Duff and Clay rode well back from the lead cattle but moved forward, closing in as the occasion required. That way, they could control the belled steer and set the course. The main body of the herd trailed along behind the leaders as if this were some great army in loose marching order.
The swing men, those riding on either side of the herd, had the job of seeing that none of the herd wandered away or dropped out. Although it was a cattle drive, there was no real driving to do. Once underway, the cattle moved of their own free will.
“The secret of driving cattle,” Dusty had told the others that morning, “is to never let them know they are being drove. From the moment they start out in the morning, you need to let them think they are on their own. Then it becomes just a matter of ridin’ along and sort of loafin’ in the saddle.”
“Hard to loaf when you’re eatin’ a lot of dust,” Dalton said.
“Son, you are the one who didn’t want to drive the hoodlum wagon anymore,” Clay said. “Now which would you rather do?”
“I’d rather ride point,” Dalton said.
“And I’d rather be riding in a fine carriage somewhere, with pretty ladies tendin’ to me,” Dusty said.
The others, including Dalton, laughed.
They had bacon, beans, and cornbread for lunch.

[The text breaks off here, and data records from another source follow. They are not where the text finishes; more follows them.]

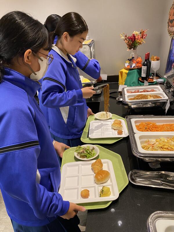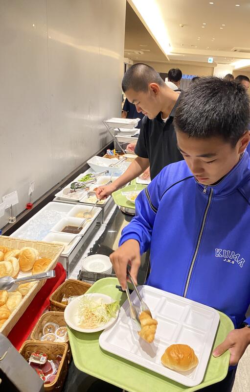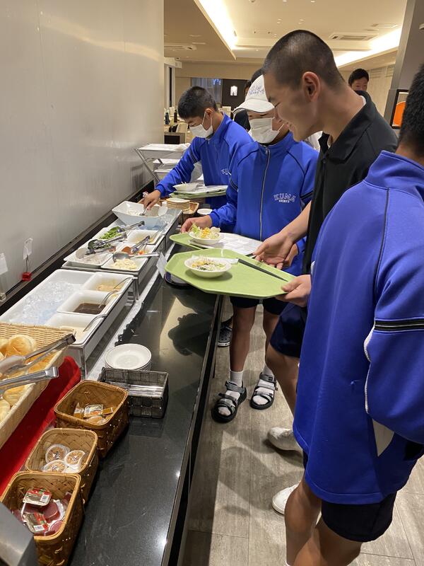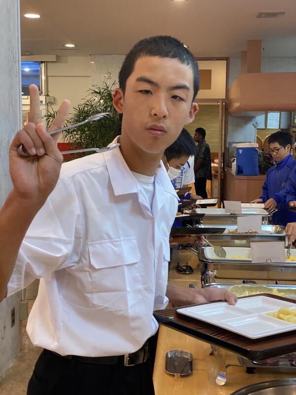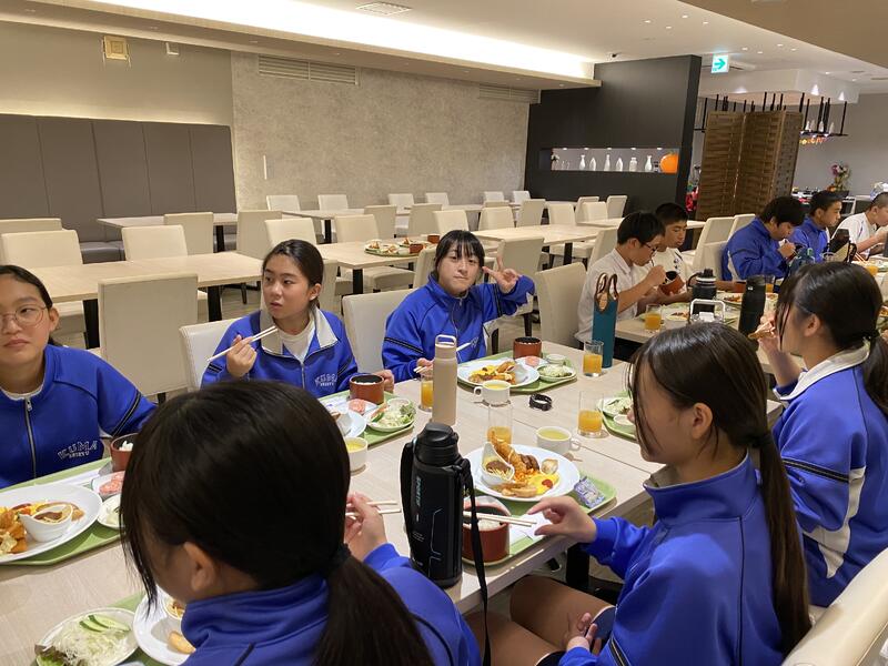 修学旅行2日目がスタートしました。朝食はビュッフェ形式で、生徒たちは朝から美味しいご飯を食べました!
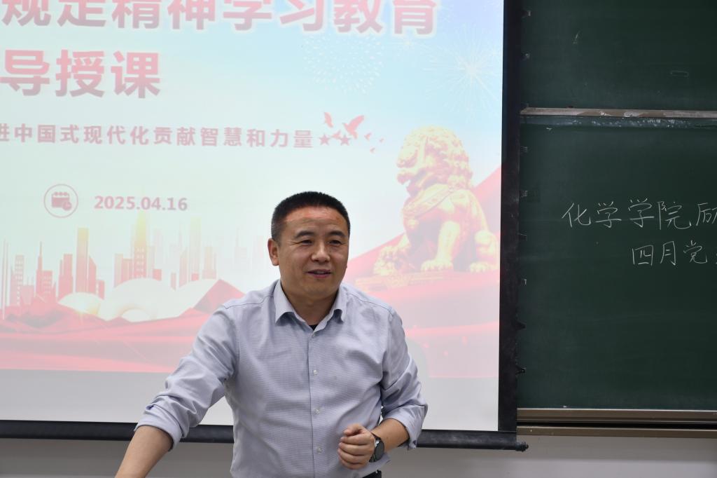 党委书记张志成教授以《新时代作风建设的历史逻辑与实践路径》为题讲授党课。他立足国际国内形势变化,从“逆全球化背景下单边主义抬头”“全球产业链深度调整”等宏观视角切入,系统回顾了党的十八大以来全面从严治党取得的标志性成果。结合《中国共产党纪律处分条例》具体条款,张志成以“三河市行政执法不规范”等典型案例为切入点,深入剖析形式主义、官僚主义的滋生根源与治理路径。他特别强调,化学学科师生需立足科研实际,将中央八项规定精神融入实验室安全管理、科研经费使用等日常场景,以严明纪律护航科技创新,为推进中国式现代化贡献专业力量。
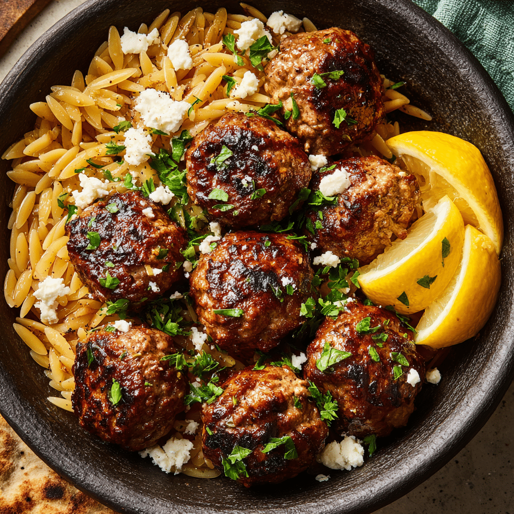 Savory Greek Chicken Meatballs with Zesty Lemon Orzo – Fresh, Bright & Mediterranean-Inspired
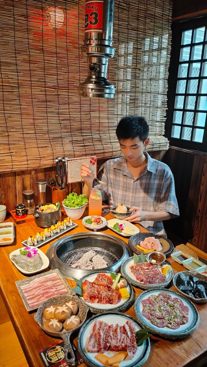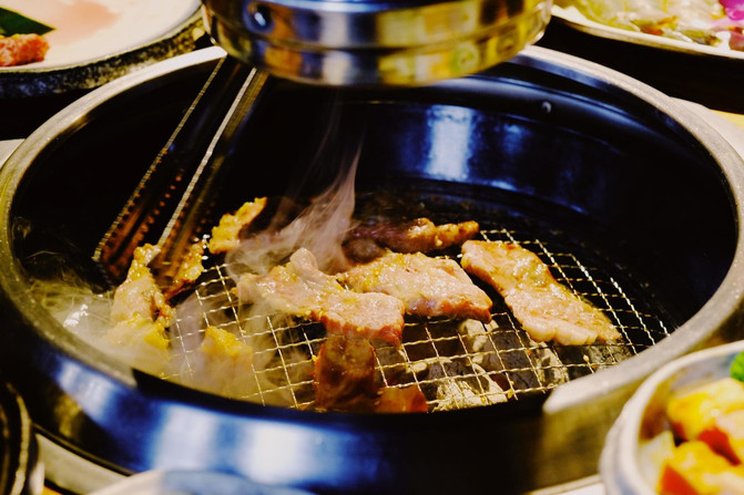 我们运气好,碰上的是包间,座位是半榻榻米,每张桌子都有独立的吸烟系统,烤肉的时候把吸烟装置拉下来即可,不然整间屋子都是烟雾很呛人。
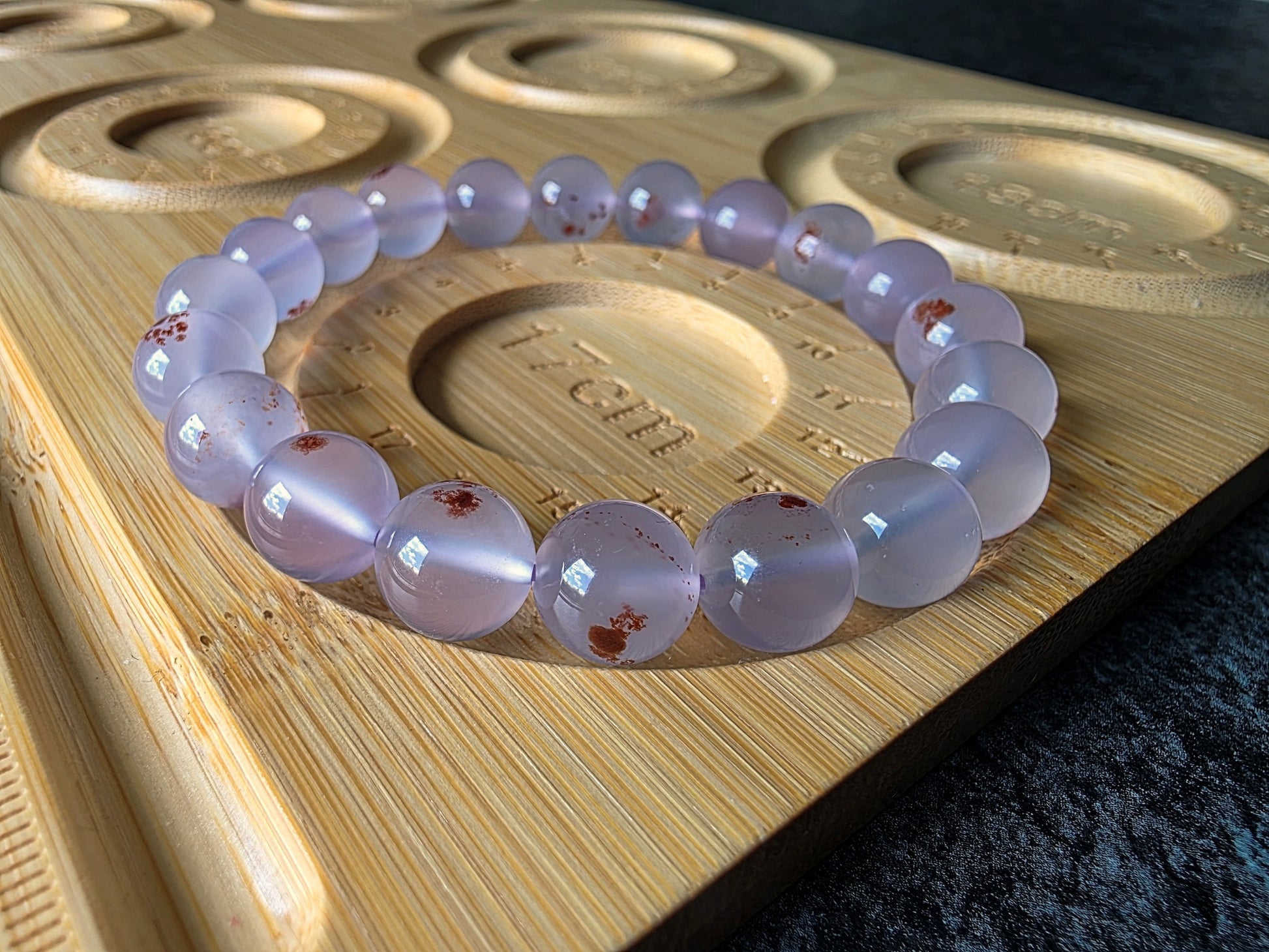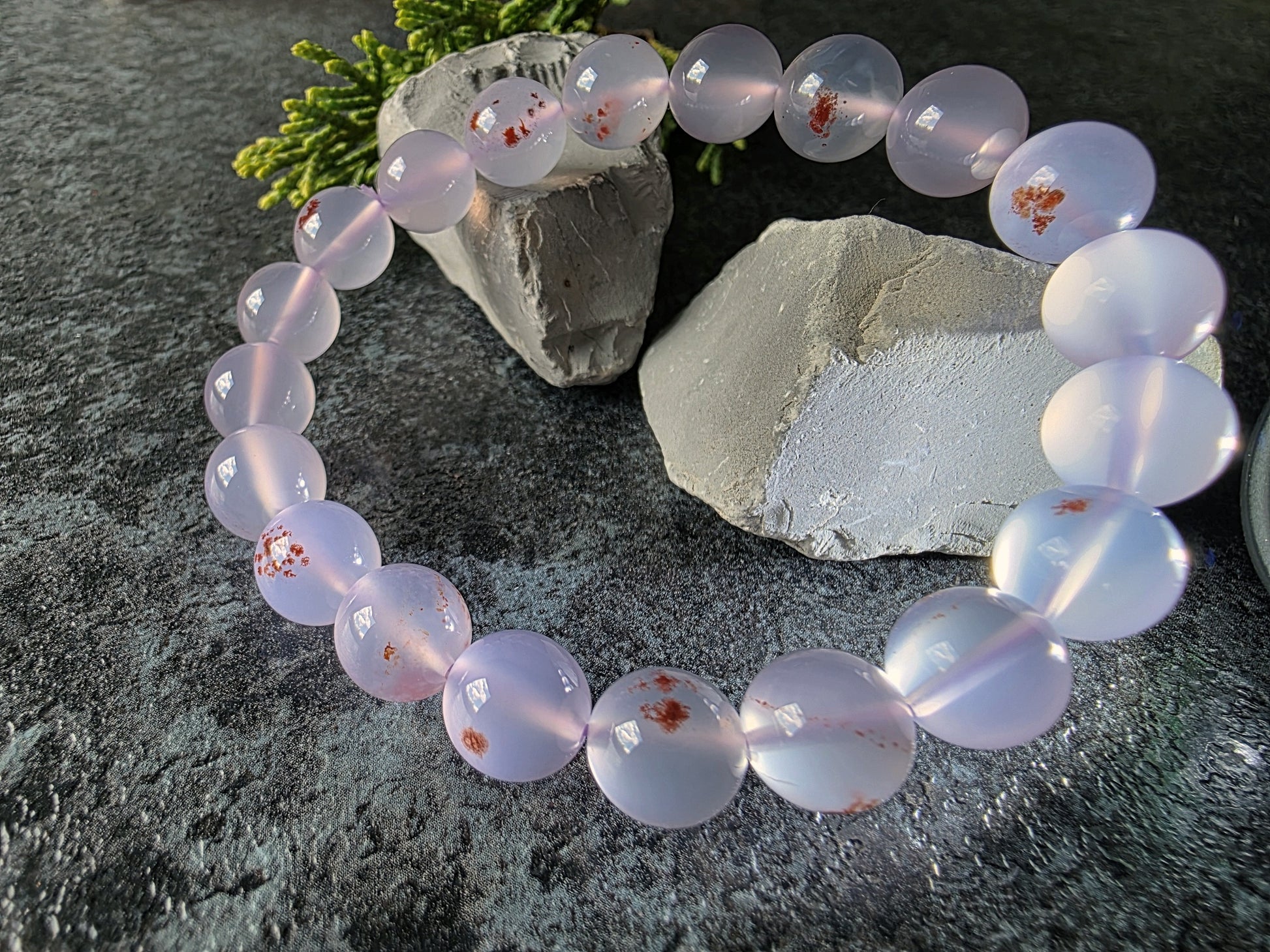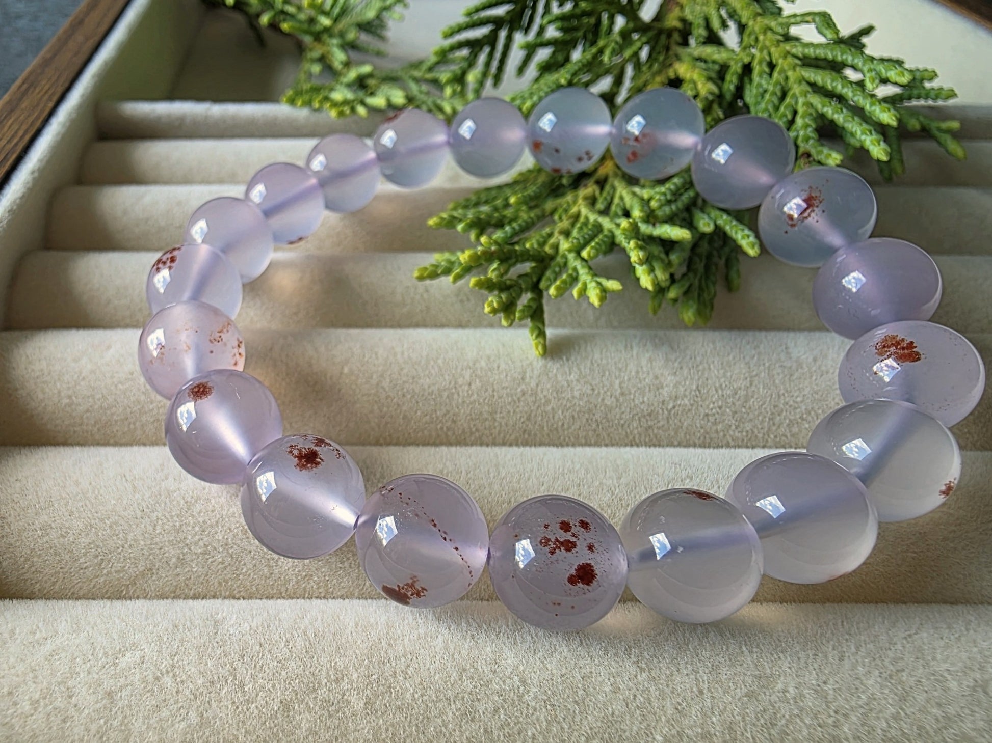 This exquisite bracelet features premium-grade icy Nanhong agate beads, celebrated for their translucent clarity and deep lavender undertones. Each bead is meticulously polished to reveal floating mineral inclusions, which create a mesmerizing depth effect—hallmarks of untreated, natural agate. The subtle interplay of light and internal texture gives this piece a serene, ethereal quality that elevates its rarity and collector appeal.
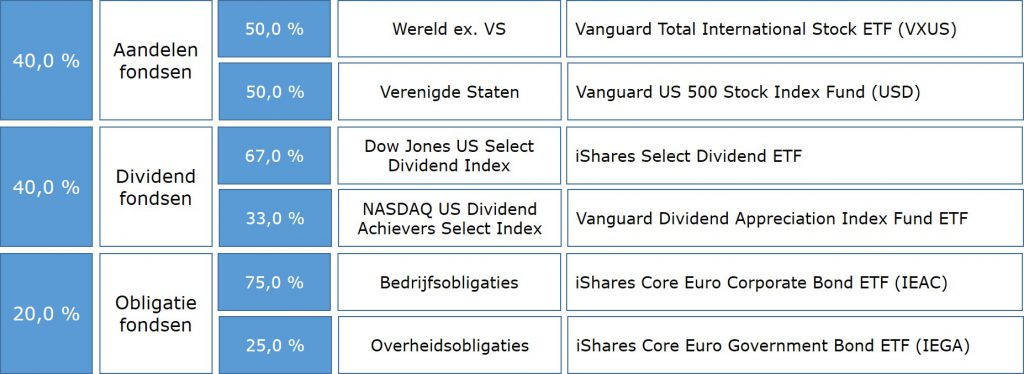 Omdat ik vrij recent ben begonnen met beleggen en ik een flinke cash buffer aanhoudt is deze nog zo’n 40% van m’n totale vermogen, dus ik heb voorlopig nog niet het gevoel dat ik obligaties nodig heb.
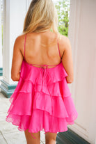Get ready to make a statement with our Marina Mini Dress! This sleeveless mini dress features a halter style neckline with a delicate rose detail and tiered ruffle layers. The open back with strappy tie closure adds a playful touch. Perfect for any occasion!

“I tell you what,” Dusty said. “I’ve been on a lot of cattle drives in my life. But I ain’t never ate no better’n what we done comin’ up, or goin’ back. And I ain’t never been on a cattle drive where we had such beautiful ladies to look at. You boys just don’t know how lucky you are.”
The three women smiled at the compliment.
“Dusty, I hope that compliment wasn’t just to get a piece of apple pie,” Sally said.
“No, ma’am, it sure wasn’t,” Dusty said. “But if you happen to have some pie, well, that would be just fine.”
“We don’t have any pie,” Sally said.
“Well, who needs pie with a fine meal like this?”
“But I did make some bear claws,” Sally said.
“Wow!” Matt said. “Dusty, you are in for a treat. There is nobody in the world who can make bear claws like Sally.”
“Pearlie and Cal should be here,” Smoke teased, thinking of how much his two cowboys liked Sally’s bear claws.
“If they were here there wouldn’t be any left for anyone else,” Sally said as she brought a large tin bowl out, filled with the pastries.
After lunch, as the wagons were preparing to move out, Clay came over to Tom.
“Tom, would you take a look at the left rear wheel on the hoodlum wagon? Rebecca says it is squealing something awful, and Maria says she and Mrs. Jensen can even hear it from their wagon.”
Tom looked over toward the wagon and saw Rebecca standing there. He almost asked Clay to ask someone else to do it, but he kept it to himself.
“All right,” he said. “I’ll see what it needs.”
“Probably just needs some grease,” Clay said.
There was a bucket of grease hanging from underneath both wagons, and Clay reached under the hoodlum wagon to pull it out.
“I’m sorry,” Rebecca said. “It looks like you are going to get your hands all greasy because of me.”
“It’s not your fault,” Tom said. “When a wheel axle has skeins instead of bearings, you are going to get friction. And that friction is going to cause squeaking.”
He got down on one knee, then leaned over and studied the wheel hub. “Yes,” he said, pointing. “It’s nearly dry.”
“Tom,” Rebecca said. “We have to talk.”
“Talk about what?” Tom said. “I was a fool, I know that now. I hurt you deeply. I should have told you that I was married before.”
“And she hurt you? Are you divorced?”
“She is dead.”
“Oh, Tom, I’m so sorry. I didn’t know.”
“You couldn’t have known. I didn’t tell you, because I couldn’t tell you.”